Previous studies have found that combining tau with Aβ42 can improve diagnostic accuracy, such as the tau/Aβ42 ratio. In this study, we used a more precise approach to obtain a combined model by logistic regression and found that AN was the best model. Compared to Aβ42 alone, the AN model improves the sensitivity and specificity and reduces false positives and false negatives. The AUC of the AN model was slightly higher than that of the AT model (94.9 vs. 94.3), probably because of the weak diagnostic performance of P-tau181 itself in this study. This may result from the fact that the onset of tau pathology precedes neurological damage, and the AD patients selected for this study were symptomatic with lower cognitive scores and were already in the later stages of the disease, when the “N” changes were more pronounced. Also, because there are natural fluctuations or variations in the production, secretion, and degradation of CSF proteins [48], the combined model reduces random errors or variance in measurements and compensates for the natural variations in the concentration. In addition, the APOE ε4 allele is the most powerful genetic risk factor for sporadic AD and has been shown to influence CSF Aβ and tau levels; as well, ageing and female are also major risk factors of AD [49,50,51,52]. Hence previous studies have suggested different diagnostic cutoffs for different age groups and APOE ε4 status [53,54,55]. Recent studies on blood biomarkers have suggested that models incorporating age, sex, and APOE genotype could improve the diagnostic prediction of AD [56, 57]. In our study, the addition of age and APOE ε4 status to the combined biomarker model (ANA’E) could increase the AUC from 95.0% to 96.0%, and significantly improve the model’s performance. Therefore, when the patient’s age and APOE ε4 status are available, the ANA’E model would be a better choice.

Recent perspectives propose that the addition of an “X” to the ATN framework could reflect the whole spectrum of AD pathologies [58]. The “X” represents biomarkers associated with synaptic damage, apoptosis, oxidative stress, neuroinflammation, neuroimmunity, mitochondrial dysfunction, and unrealized pathologies of AD [59]. An integrated model based on the ATXN framework could be applied not only for diagnosis, differential diagnosis, and prognosis, but also for the treatment and related trials of AD. Since the network of pathophysiology is complex and full of interconnections, all the dimensions in the framework should be involved in cocktail therapy. However, there are some challenges before widespread use of the ATXN framework. Large multicenter studies are still required to validate and standardize these biomarkers and their cutoffs, and the accuracy of biomarkers in the ATXN framework needs to be improved based on ultrasensitive technologies. Clarification of the interacting mechanisms of these biomarkers furthermore can provide the theoretical foundation for the application of the ATXN framework.
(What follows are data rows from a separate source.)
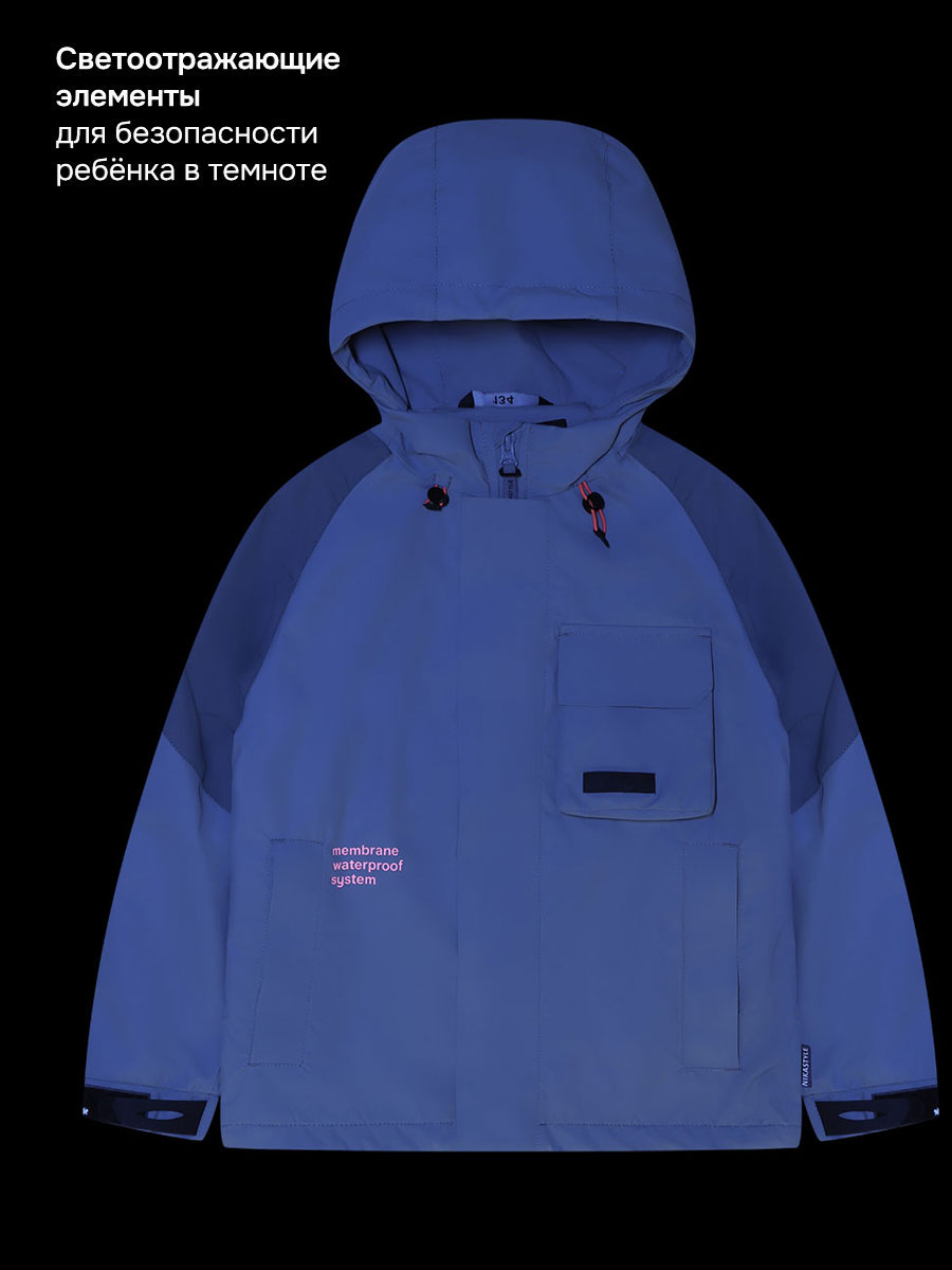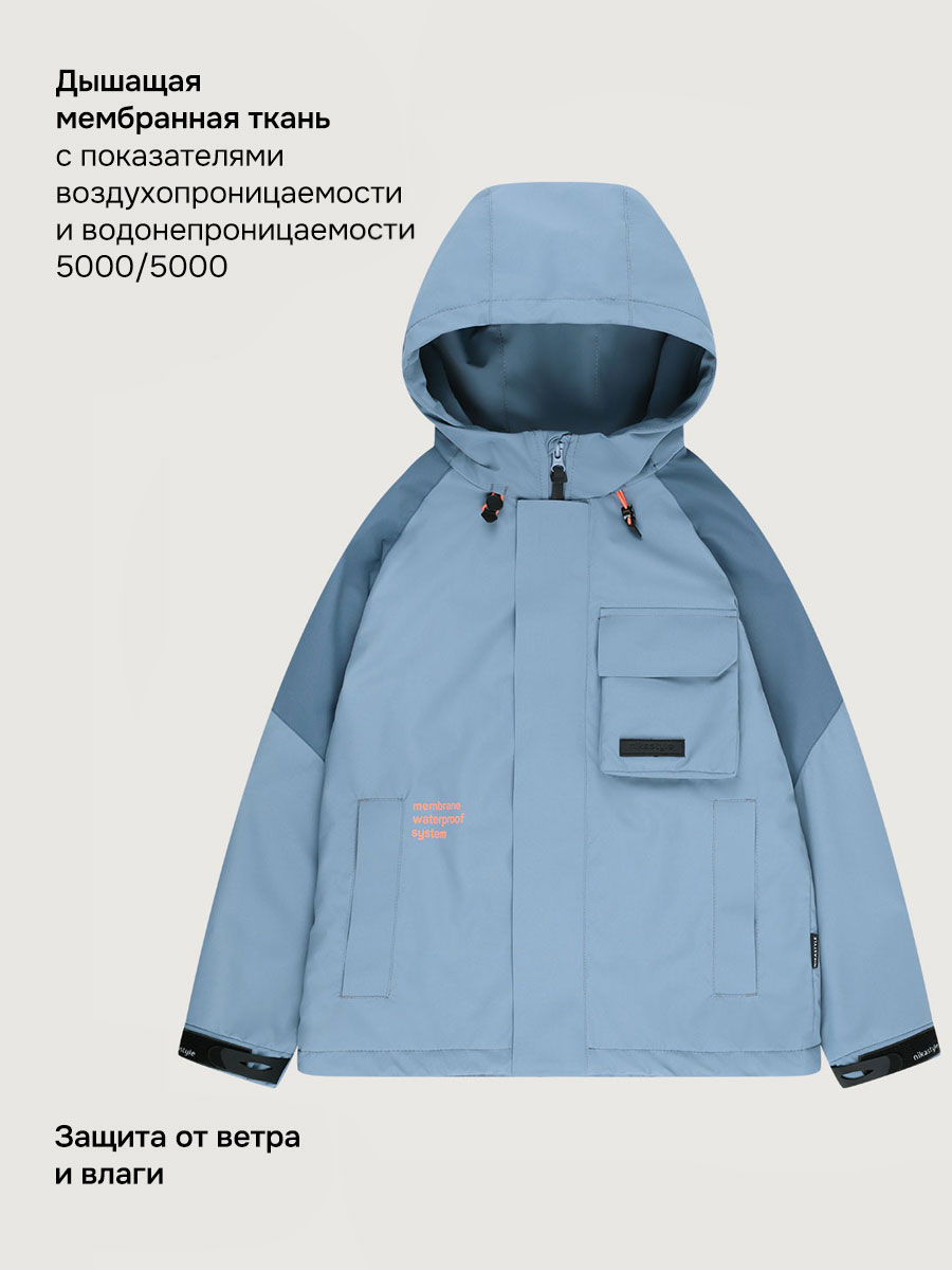 Мембранная ткань - это непродуваемый и водонепроницаемый материал, который надежно защищает от ветра и влаги. Благодаря дышащим свойствам мембраны ребенку будет комфортно в любую погоду, и он не вспотеет. Флисовая подкладка отводит влагу и имеет хорошие теплоизоляционные свойства.
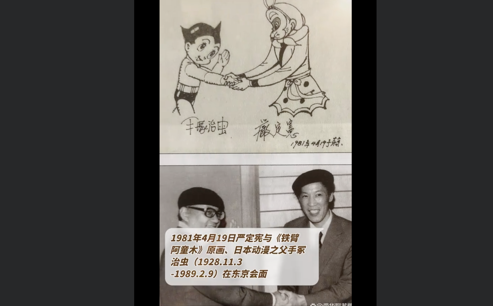 1981年4月19日严定宪与《铁臂阿童木》原画、日本动漫之父手冢治虫在东京会面。(图/视频截图)
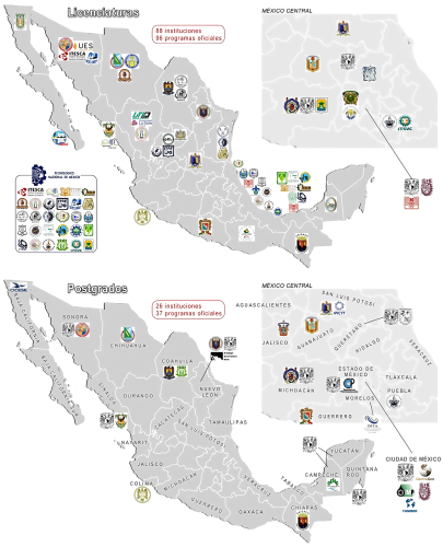 Figura 1. Instituciones de educación superior en México con programas docentes oficiales de licenciatura o postgrado en Ciencias de la Tierra, y su distribución geográfica por estado (parcialmente reelaborado de Villacorta et al., 2024).
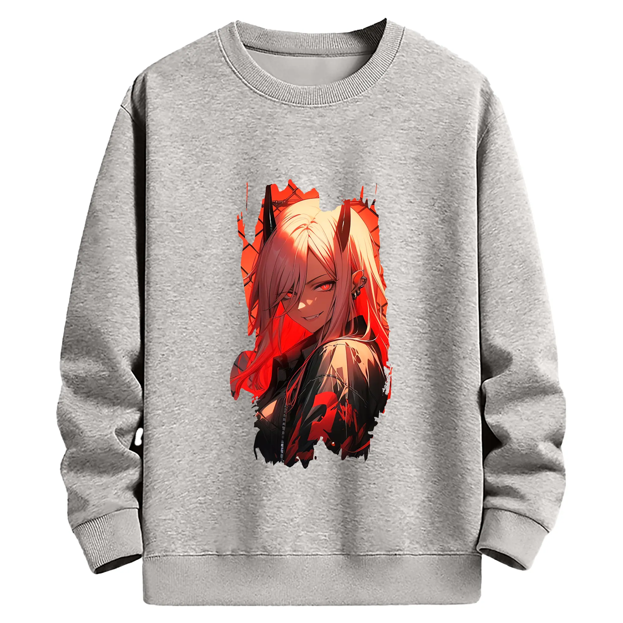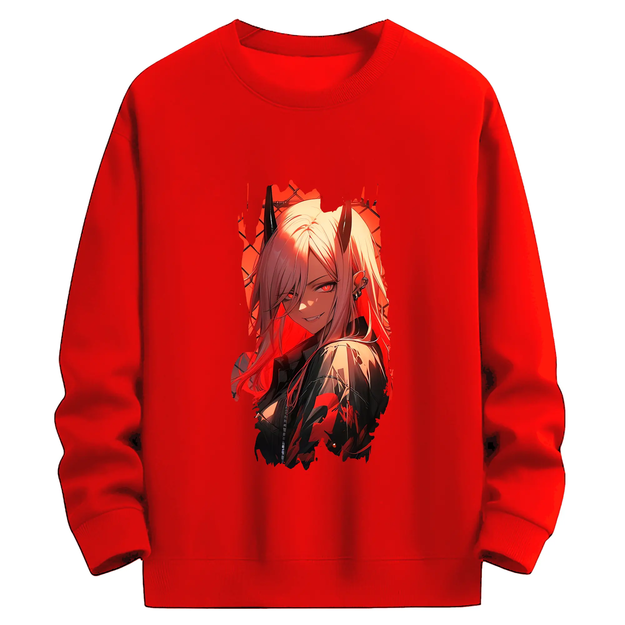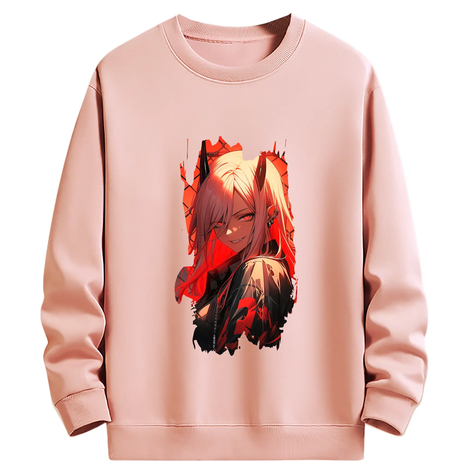 チェンソーマン グッズ,パワー - 薄手 クルーネック スウェット 裏毛260g · ポリエステル 春秋向け カジュアル 男女兼用 · トレーナー デイリー スポーツ 散歩に最適

There are some limitations to this study. First, due to the difficulty of collecting CSF from AD dementia patients, the sample size of this study was relatively small. Even though internal validation has been performed, there’s still a need to expand the sample size in the external validations. Second, the participants enrolled were clinically diagnosed and lacked pathological evidence of Aβ-PET. Adequate validation in sufficient Aβ+ AD patients and Aβ− controls is highly needed before the findings of this study can move toward clinical practice, which requires further expansion of the sample size and inclusion of more stringent diagnostic criteria based on Aβ-PET in the follow-up. Finally, the assessment and external validation of the differential diagnostic ability is equally important before entering clinical practice, and we need to include more patients with other types of dementia to validate the differential diagnostic efficacy of the model in the future.

In conclusion, this study established the cutoff values of CSF biomarkers for AD diagnosis in a Chinese cohort, which is essential for the clinical application of AD biomarkers in Chinese population.